Gluten-Free Notes for Gluten-Free Blueberry Overnight Oats: This recipe relies on certified gluten-free oats to ensure it is safe for those avoiding gluten-containing grains. Always check labels for certification.
Ingredients
- 2 cups certified gluten-free oats
- 1.5 cups unsweetened almond milk
- 0.5 cup fresh or frozen blueberries
- 2 tbsp maple syrup
- 1 tsp chia seeds
- 0.5 tsp pure vanilla extract
- 1 pinch salt
Instructions
- 1
In a large bowl or individual jars, combine the certified gluten-free oats, chia seeds, and salt. Stir these dry ingredients together thoroughly to ensure the chia seeds are evenly distributed and won't clump.
- 2
Pour in the unsweetened almond milk, maple syrup, and pure vanilla extract. Stir everything together until well combined, making sure there are no dry pockets of oats or chia seeds remaining.
- 3
Gently fold in the fresh or frozen blueberries. If using frozen blueberries, they will thaw overnight and release some of their vibrant color and juice into the oats.
- 4
Cover the bowl or jars tightly with lids or plastic wrap.
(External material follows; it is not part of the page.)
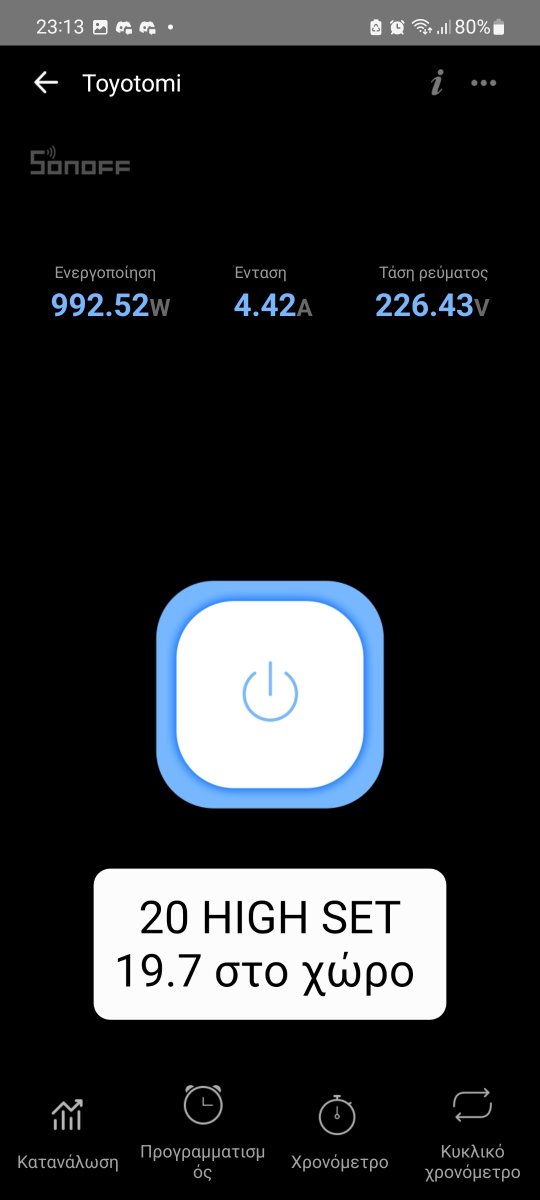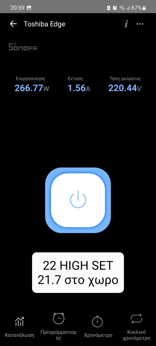 Σήμερα μετά από πολύ καιρό νιώθω επιτέλους χαλαρός μιας και ξηλωθηκε το έξω από δω toyotomi izuru eco II και μπήκε στη θέση του το Toshiba edge. Και τα 2 18αρια. Με πολλές επιφυλάξεις μιας και φοβόμουν ότι δεν θα επαρκεί για το χώρο αν και μέσα από τους υπολογισμούς εδώ για 18αρι πηγαίναμε και με οφείλω να πω την βοήθεια του @liakjim κυρίως αλλά και με πολλά παιδιά από εδώ μέσα έγινε η εγκατάσταση.επισης μπήκε και ένα midea xtreme save lite 12 στον ίδιο χώρο με σκοπο να βοηθήσει το toshiba( περισσεύε απο αλλο σπιτι που ειχε μπει στο εξ οικονομω)Όλα προβλεπε σωληνώσεις κενά τα πάντα άριστα. Το σπιτι ειναι 70τμ και χωρις μονωση και κουφώματα.  Πλάκα από πάνω χωρίς κάποια μονωση και ανοιχτά σχετικά γύρω γύρω. Περιοχή Βέροια με εξωτερικη σήμερα στους 10 βαθμους.οι μετρήσεις είναι στις ίδιες συνθήκες χωρίς να δουλεύει το midea και αφού έπιανε θερμοκρασία ο χώρος στην θερμοκρασία επιλογής. Η διαφορά.... στα παρακάτω.Screenshot_20221205-205909_eWeLink.jpg.b88abad21189f4a2cc6c7663b3c3bee5.jpg

Refrigerate for at least 8 hours, or preferably overnight, allowing the oats and chia seeds to absorb the liquid and thicken into a creamy consistency.
- 5
In the morning, give the overnight oats a good stir. If the mixture is too thick for your liking, you can add a splash more almond milk until it reaches your desired texture. Serve chilled, perhaps with a few extra blueberries on top.
Nutrition (per serving)
Tips & Notes
- Certified gluten-free oats vary by cut; any cut works in no-bake recipes, but certified gluten-free rolled oats hold their shape better when baked.
- Warm milk (not hot) is key for yeast-based recipes — aim for 105–115°F to activate yeast without killing it.
- Refrigerate maple syrup after opening and use within a year.